Apixaban Versus Rivaroxaban in Non Valvular Atrial Fibrillation

Overview

The investigators will first measure the maximum concentration (after 2 hours of intake) and the residual concentration (just before the next intake) after at least 15 consecutive days of treatment. In order to be able to study the stability of the anti-Xa activity of Apixaban vs Rivaroxaban, as well as their impact on the risk of thromboembolic events or hemorrhagic events, clinical follow-up and a determination of maximum and residual activity are necessary, ideally at 3 to 6 months (compared to studies carried out in the literature). This evaluation would be made according to a multivariate analysis taking into consideration the other clinical-biological data relating to the patient, namely renal function, liver function, CHA2DS2-VASc score, HAS-BLEED score, treatment compliance, etc.

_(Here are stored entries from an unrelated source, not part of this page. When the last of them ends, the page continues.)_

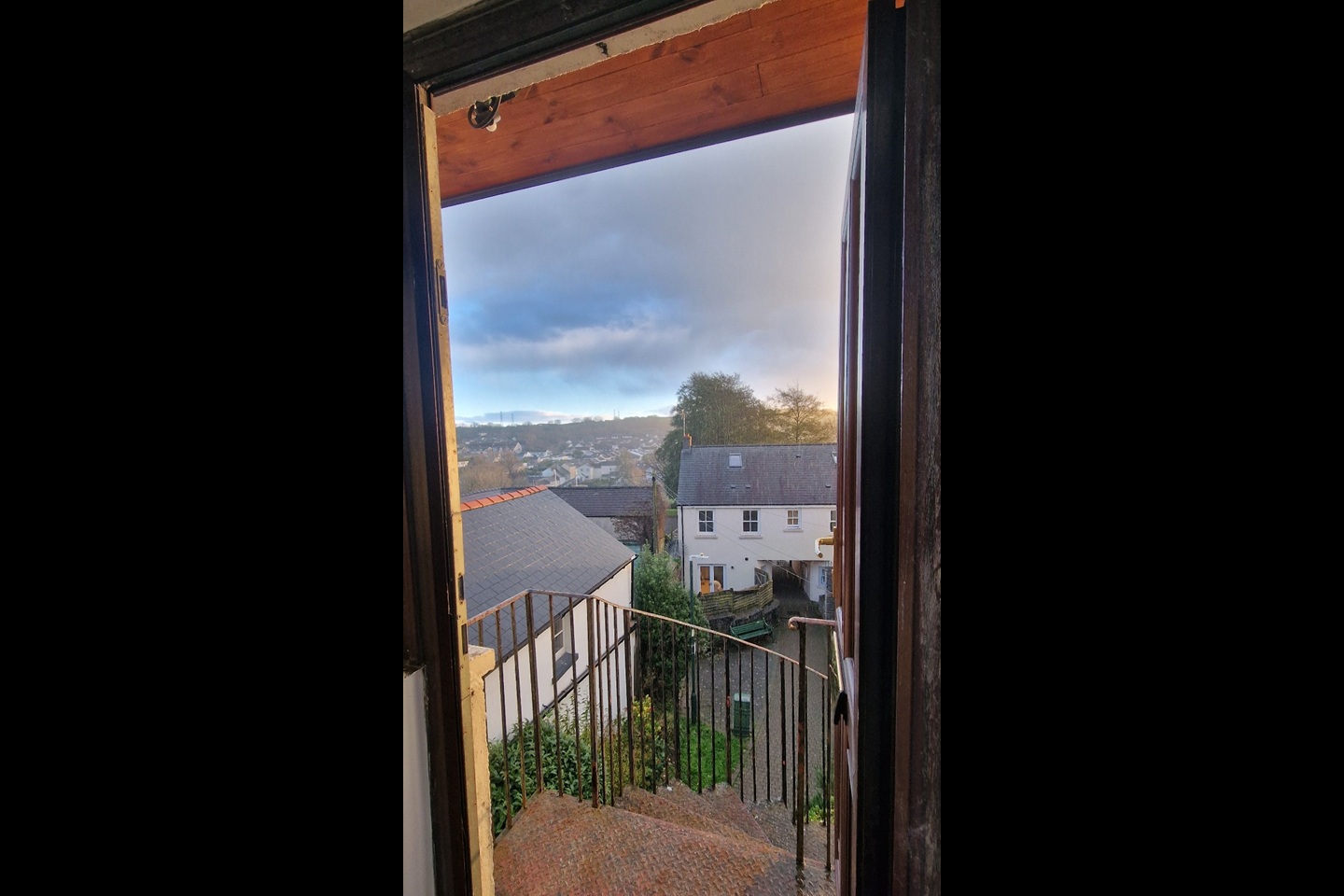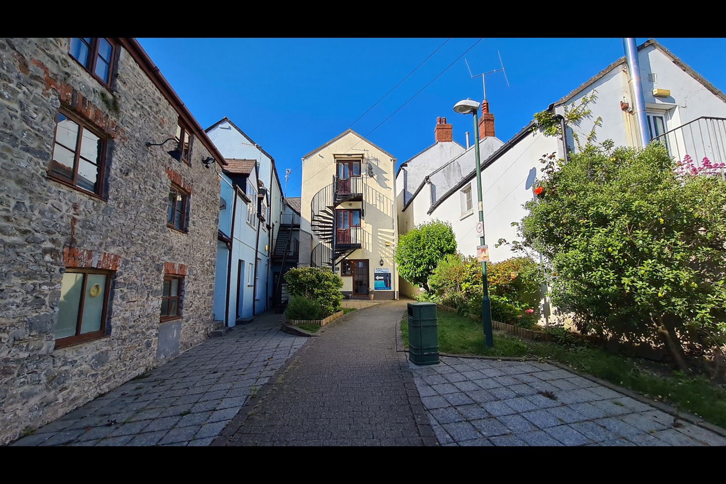 Flat 3 comprises of a bedroom with a window over the passageway and a rear door leading to an exterior staircase, a bathroom with a bath and electric shower is at the centre of the flat, and a Living Room with a kitchen area makes for spacious living accommodation. The front door leads down a spiral staircase to the courtyard, which is accessed by the public during the day but locked in the evening with seating, a small grass area and flower borders.
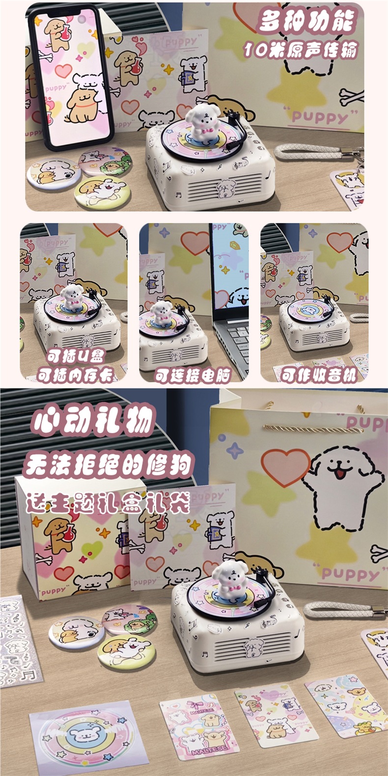 • 밀 한 개가 포함된 고급스러운 장식품 모델) 귀여운 강아지 스피커 + 스티커*2 + 선물 가방 + 귀여운 강아지 장식품 + 주변 장치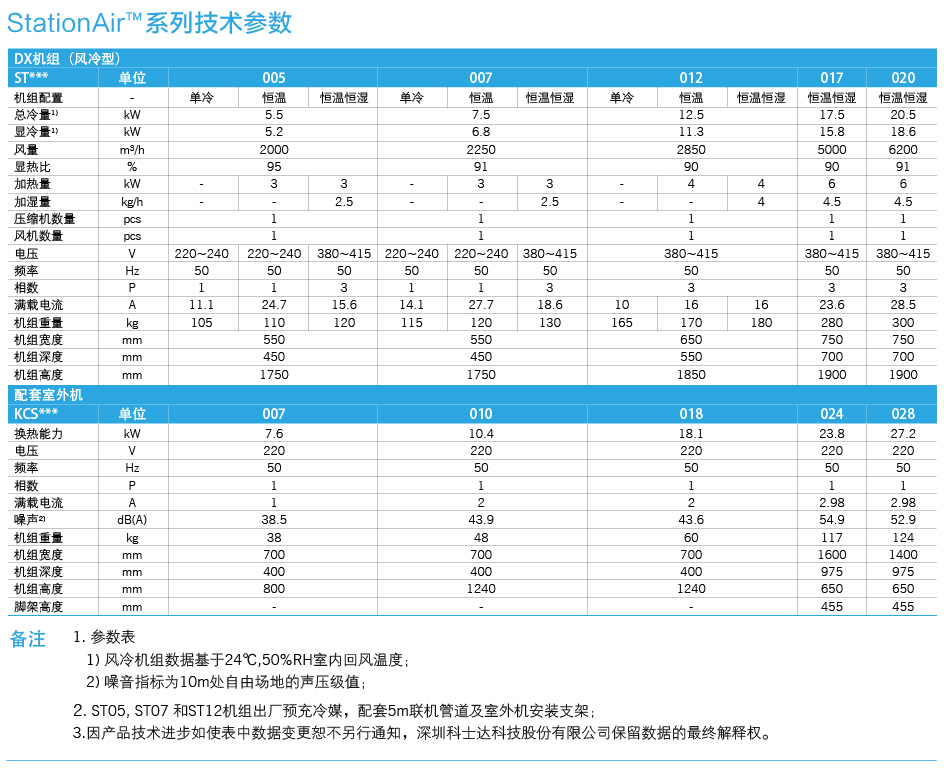 产品***性科士达StationAirTM系列精密空调机组配置恒温恒湿功能,采用大风量、高显热比设计,满足专业机房的需求;365天×24小时全天候运行设计,精密匹配的高效制冷系统,配以大面积蒸发器,保证机组全天候***优节能运行。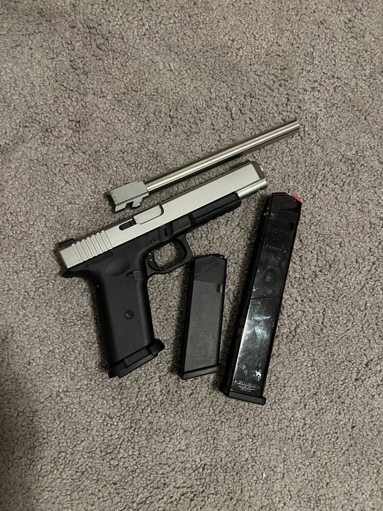 Lonewolf Glock 40 clone, 2 15 round Glock mags and a 30 round extended mag, basically everything about it is Glock besides a slimmer grip and better grip angle. Fiber optic sights and extra 9” barrel. $600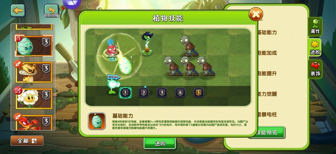 普攻:可以吸取周围3*3电系植物的电能,消耗所有电能形成一个电环缓慢向右移动攻击右侧僵尸,电环接触到目标僵尸会每秒落下三道雷,电环大小,雷击伤害和落雷次数随所蓄电能多少而改变,2阶电环可给范围内的电系植物额外附加攻击力加成,升阶提升攻击力加成幅度,5阶落雷概率变为单格群伤雷柱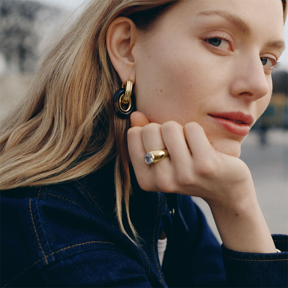 These earrings from our PALAIS ROYAL collection, designed in Paris, are made from brass gilded with 750/1000th – 18-carat gold and acetate.They are available in Leopard and Ivory colors. To suit your preferences, the ring can be removed for single or double wear.An iconic Agatha product, these earrings add a touch of color to your outfits.These hoop earrings have a diameter of 16mm.

Atrial fibrillation (AF) is the most common heart rhythm disorder with an estimated global prevalence of between 1 and 2%. It is a serious pathology that considerably increases morbidity and mortality. Thromboembolic events are a major complication . Thus, effective anticoagulation is one of the major pillars of the management of atrial fibrillation. This anticoagulation was for a long time based on vitamin K antagonists (VKAs) which have proven their effectiveness in significantly reducing the risk of thromboembolic complications. However, VKAs have several drawbacks, mainly related to their narrow therapeutic range, their high inter-individual variability and their multiple drug interactions. As a result, the use of VKAs is restrictive because of the need for a delicate, regular and individual adjustment of the effective dose based on the result of the INR (need for regular and close biological monitoring) . Since 2007, a new class of oral anticoagulant encompassing direct oral anticoagulants has emerged and is increasingly beginning to take the place of VKAs in several pathologies, including AF. Indeed, DOACs are currently the first-line treatment during AF thanks to the results of randomized controlled clinical trials that have proven an efficacy at least equivalent to VKA without increasing the risk of serious bleeding. In addition, DOACs are simpler to use compared to VKAs because of their predictable pharmacodynamics and pharmacokinetics, which make it possible to use a fixed dose and dispense with biological monitoring of their plasma levels in the majority of cases. However, it seems that there is a significant inter- and intra-individual variability related to the use of DOACs. In addition, the theory of a single dose and the non-need for monitoring is beginning to be debated. Indeed, the indications requiring an AOD assay seem to be broadening. Recently, studies have been identified in the literature that are interested in assessing the impact of the maximum and residual activity of DOAC on its efficacy and safety. Despite significant results, especially in relation to the fluctuation of residual activity, there are so far no strong conclusions of a high level of evidence that can rule on the usefulness of adjusting the dose according to the dosage of activity.